Purpose Of The Study
- To compare four analytical methods for mitigating selection bias in observational studies.
- Methods evaluated include multivariable risk adjustment, propensity score adjustment, propensity matching, and instrumental variable analysis.
Main Methods
- A national cohort of 122,124 elderly Medicare beneficiaries hospitalized with acute myocardial infarction (AMI) between 1994-1995.
- Data linked from Cooperative Cardiovascular Project and Medicare administrative data for comprehensive prognostic variables.

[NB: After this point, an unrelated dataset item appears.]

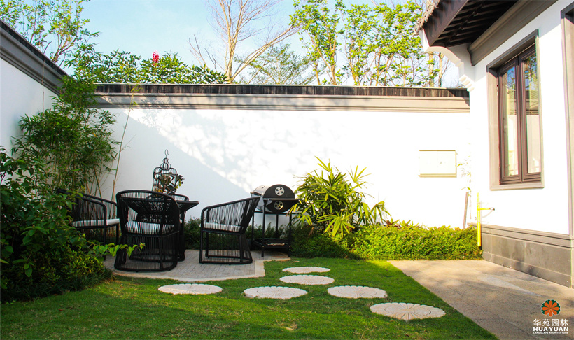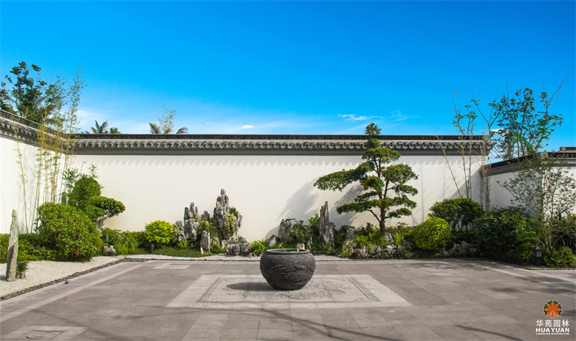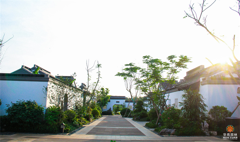 項目以“野逸”為設計靈感,糅合優(yōu)美的自然環(huán)境與古人歸隱田居意趣,將中國傳統(tǒng)街巷與居住院落相融合,打造中式韻味濃郁的純別墅。白墻隅處植幾竿青竹,五蝠地雕點綴嬌艷荷花水缸,姿態(tài)秀逸的羅漢松、置石小品,落地宮燈,讓人細品中式院落之美。于此,私享天人合一的生活大境,回歸中國人寄情傳統(tǒng)的理想人居。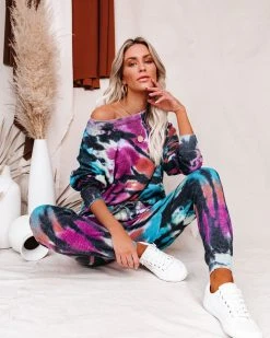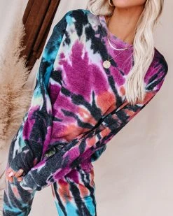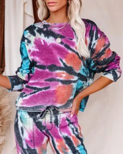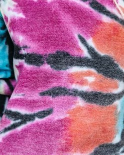 //VICI Exclusive// Stay at home in style in our Insomnia Cotton Blend Tie Dye Pullover! This bright magenta, lime, teal, aqua, charcoal, and off white tie dye pullover is the ideal pair to the matching sweatpants and slippers. Styled with the Amber Twist Hoops, Minimal Herringbone Necklace, Mosaic Coin Necklace, Insomnia Cotton Blend Pocketed Tie Dye Joggers, Viva La Vida Woven Pom Tote Bag, and Common Thread Sneaker.

- Follow-up for 7 years to assess long-term survival association with early cardiac catheterization.
Main Results
- Standard risk-adjustment methods (multivariable, propensity score, matching) suggested a 50-54% relative decrease in mortality with cardiac catheterization.
- Instrumental variable analysis, using regional catheterization rates, indicated a 16% relative decrease in mortality.

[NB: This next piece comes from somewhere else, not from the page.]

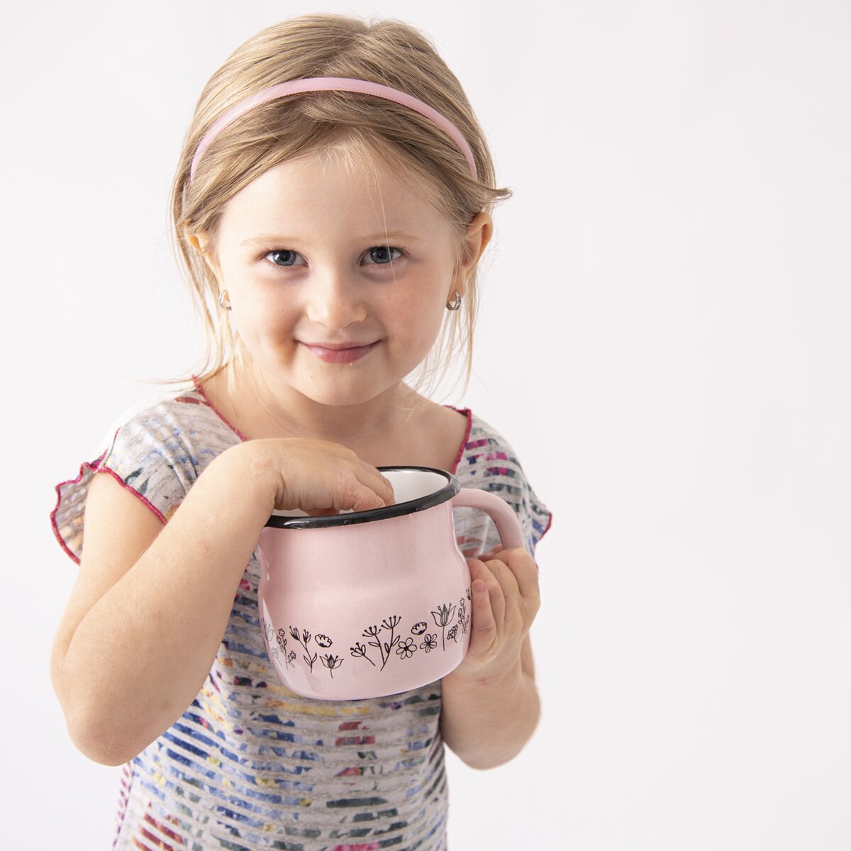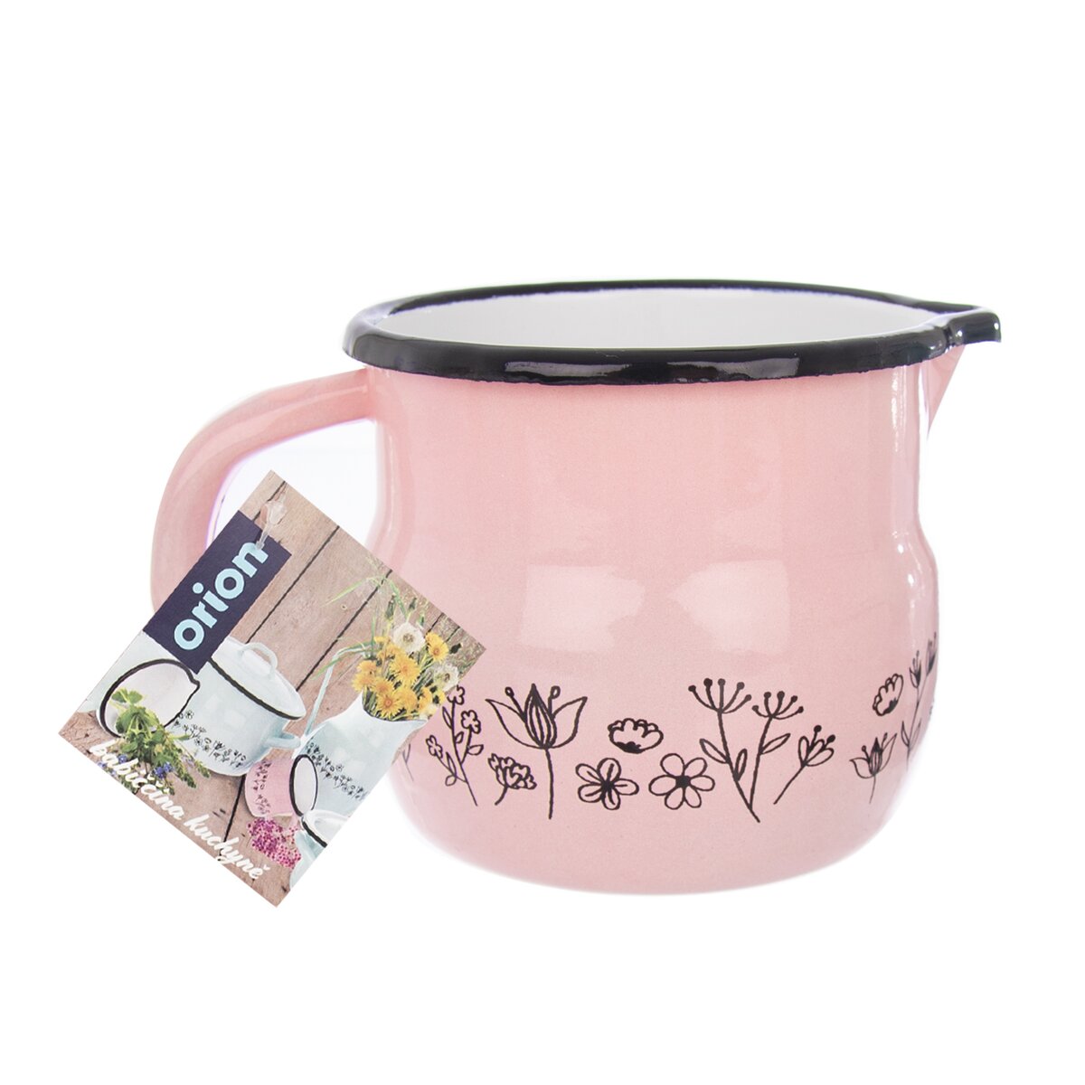 Zdobí ho pastelovo ružová farba a jemný dekor kvetín, ktoré z neho robia krásny kúsok nielen chatu či chalupu, ale aj do modernej domácnosti. Má priemer 10 cm a objem 800 ml.

- These findings contrast with the 8-21% survival benefit observed in randomized clinical trials.
Conclusions
- Estimates of cardiac catheterization's effect on AMI mortality are highly sensitive to the analytical method used.
- Standard risk-adjustment techniques do not fully address unmeasured selection biases.
- Instrumental variable analysis may provide less biased treatment effect estimates, particularly for policy-level questions.